Сара ощутила себя ангелом, который вдруг упал с каких-то неземных высот. Ей хотелось придушить Тома!
– Ваш доктор Рифкинд нарушил свое обещание, – сказала Мириам Тому. Очень вовремя, внимание Тома сразу переключилось с Сары на Мириам. Она была благодарна Мириам за ее чуткость.
– Какое обещание?
– Он сказал, что собирается «поджарить» меня, насколько я могу судить. Доза не была минимальной.
– Я не припоминаю.
– Я прочла это по его губам, доктор Хейвер, – она снова улыбнулась, весьма своенравно. И перешла в аппаратную. Том поплелся за ней, Сара – следом. Было что-то сверхъестественное в умении Мириам овладевать любой ситуацией. Сара даже позавидовала ей.

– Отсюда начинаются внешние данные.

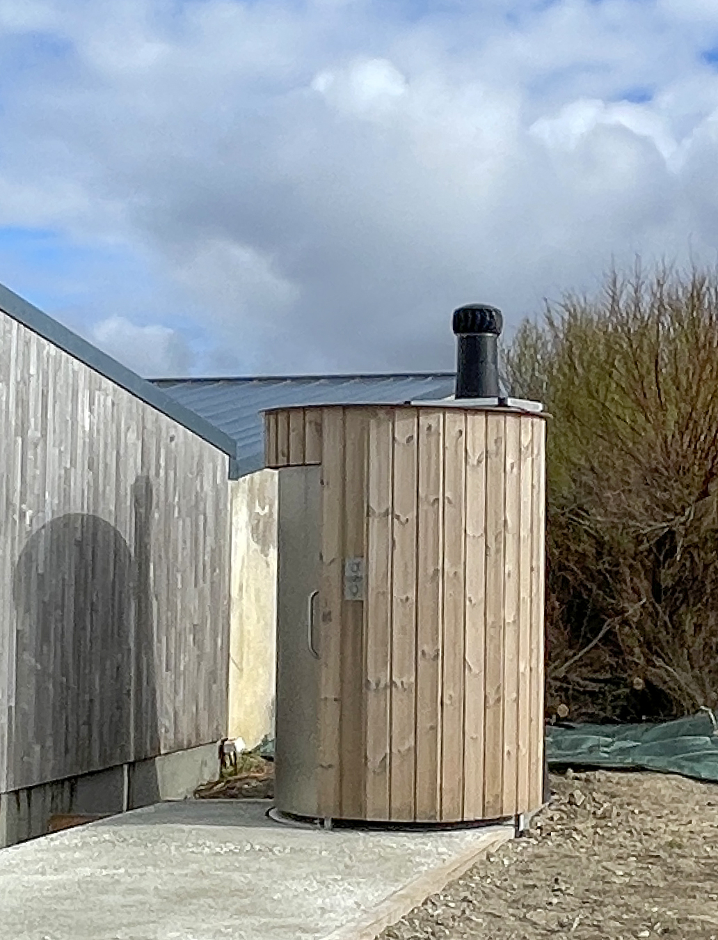 Les toilettes sèches sont installées et fonctionnelles. Ses abords ont été aménagés (là il faudra être très patient !) avec des boutures de tamaris et de l'atriplex ou pourpier de mer (on en trouve au départ du 12), des petits arbustes résistants à la sécheresse et très à l'aise en bord de mer.

К их приходу атмосфера в аппаратной уже накалилась; Марти Рифкинд выглядел как наказанный ребенок, а Сэм Раш говорил голосом ровным и гладким, как поверхность зеркала:
– Никаких опасных тестов не будет, миссис Блейлок. Вы не подопытное животное. Никто в этом учреждении не желает вам причинять ни малейшего вреда. Я уверен, что говорю это от лица всего нашего персонала.
Сара снова вспомнила о той комнате, которая ждала Мириам на отделении психиатрии. Она подумала о бумагах на принудительное заключение, проходящих в данный момент необходимые инстанции. Она обнаружила, что не может думать о Мириам как о пленнице. А иначе о ней и нельзя было думать, или нельзя будет думать, если ее пленение будет одобрено вышестоящими инстанциями.